The whole listing should be retyped word for word, apart from the pictures it holds.

• [Given material]:
::::::::::

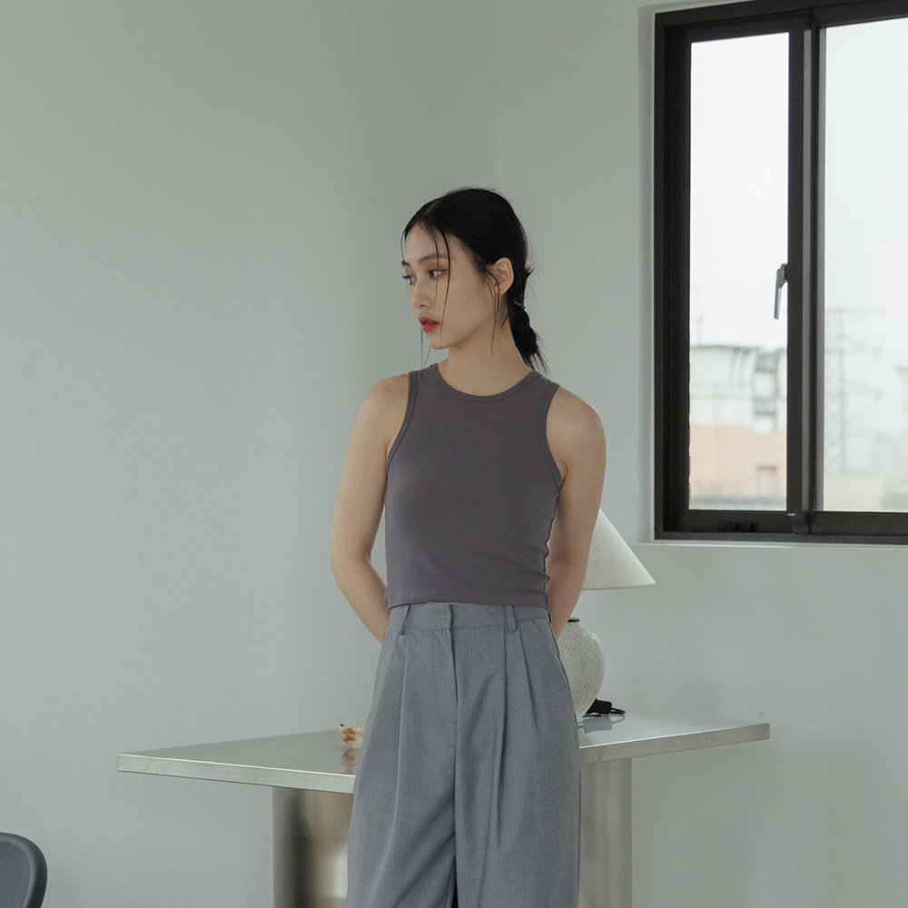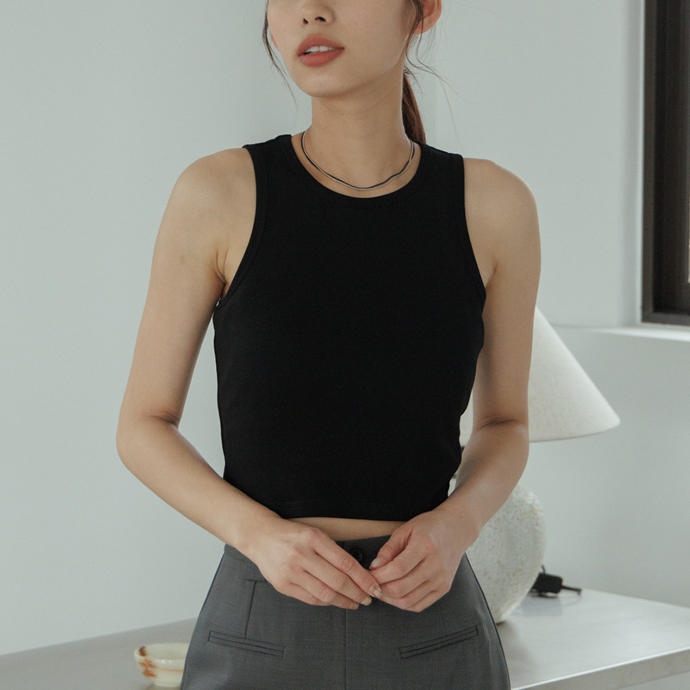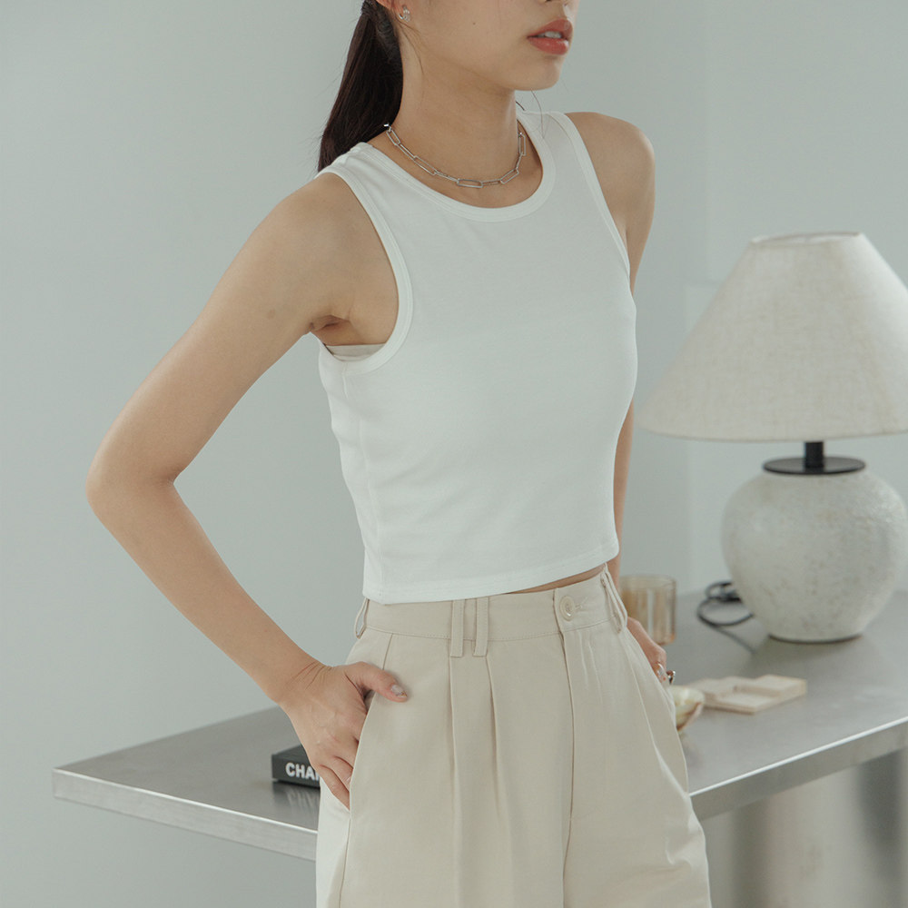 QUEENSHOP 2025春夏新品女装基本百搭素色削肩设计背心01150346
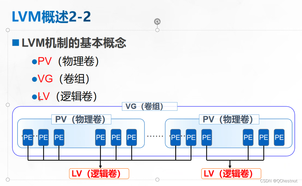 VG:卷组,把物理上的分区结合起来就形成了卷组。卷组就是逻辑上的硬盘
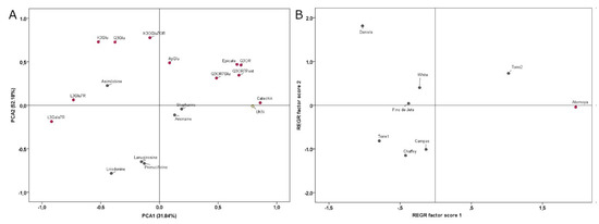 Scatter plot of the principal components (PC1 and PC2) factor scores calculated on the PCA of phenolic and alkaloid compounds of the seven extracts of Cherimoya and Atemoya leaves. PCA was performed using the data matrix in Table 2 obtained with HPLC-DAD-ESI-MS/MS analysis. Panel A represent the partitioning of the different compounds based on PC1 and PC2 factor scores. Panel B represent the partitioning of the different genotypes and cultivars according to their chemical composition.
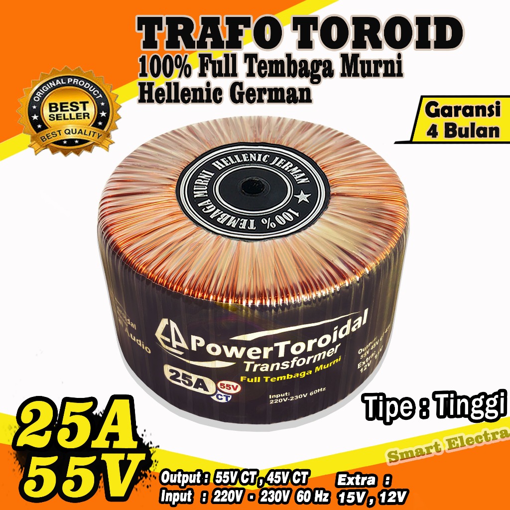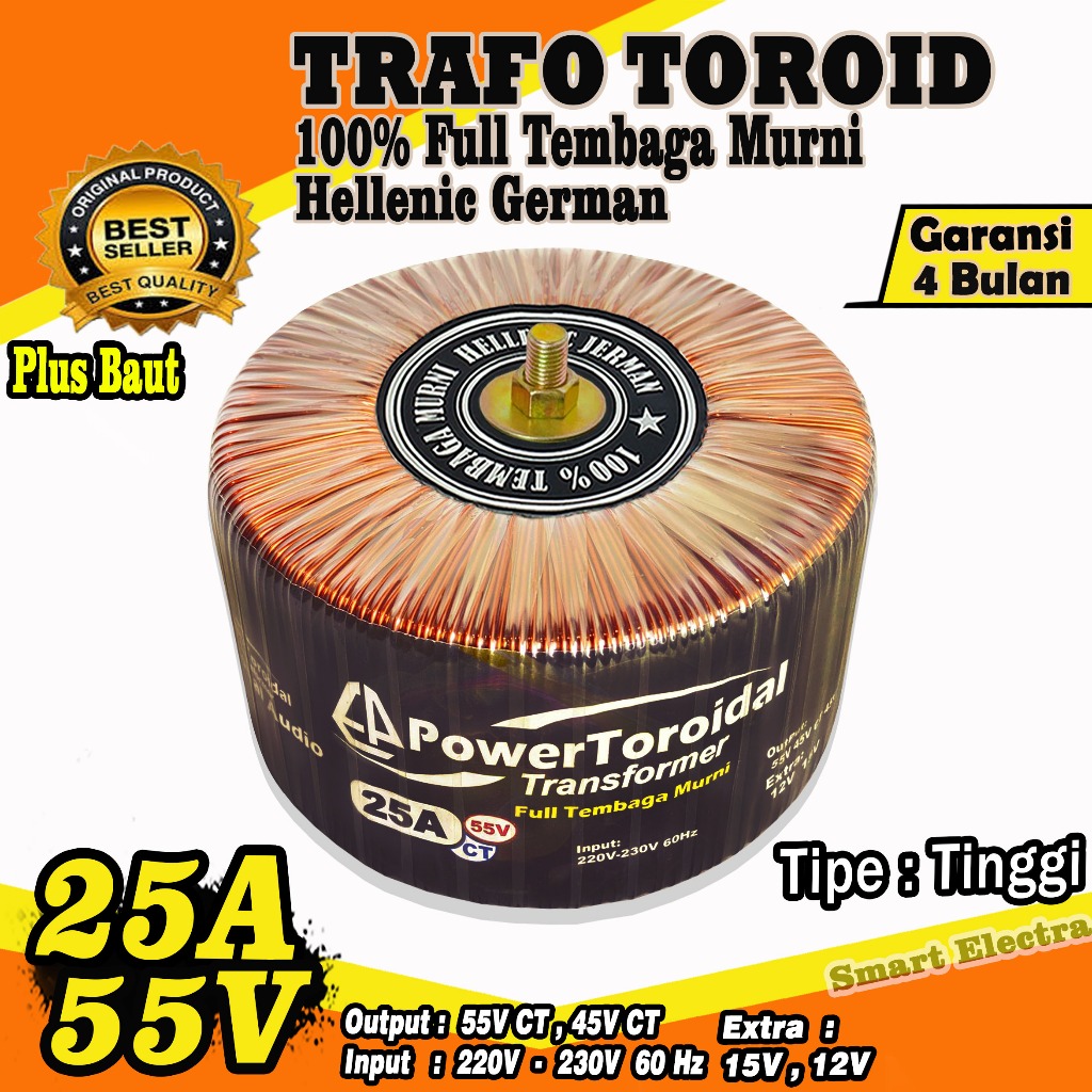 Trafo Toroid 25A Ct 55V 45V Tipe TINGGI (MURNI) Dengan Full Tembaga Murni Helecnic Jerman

::::::::::

• [Answer to the exercise]:
 QUEENSHOP 2025春夏新品女装基本百搭素色削肩设计背心01150346
 VG:卷组,把物理上的分区结合起来就形成了卷组。卷组就是逻辑上的硬盘
 Scatter plot of the principal components (PC1 and PC2) factor scores calculated on the PCA of phenolic and alkaloid compounds of the seven extracts of Cherimoya and Atemoya leaves. PCA was performed using the data matrix in Table 2 obtained with HPLC-DAD-ESI-MS/MS analysis. Panel A represent the partitioning of the different compounds based on PC1 and PC2 factor scores. Panel B represent the partitioning of the different genotypes and cultivars according to their chemical composition.
 Trafo Toroid 25A Ct 55V 45V Tipe TINGGI (MURNI) Dengan Full Tembaga Murni Helecnic Jerman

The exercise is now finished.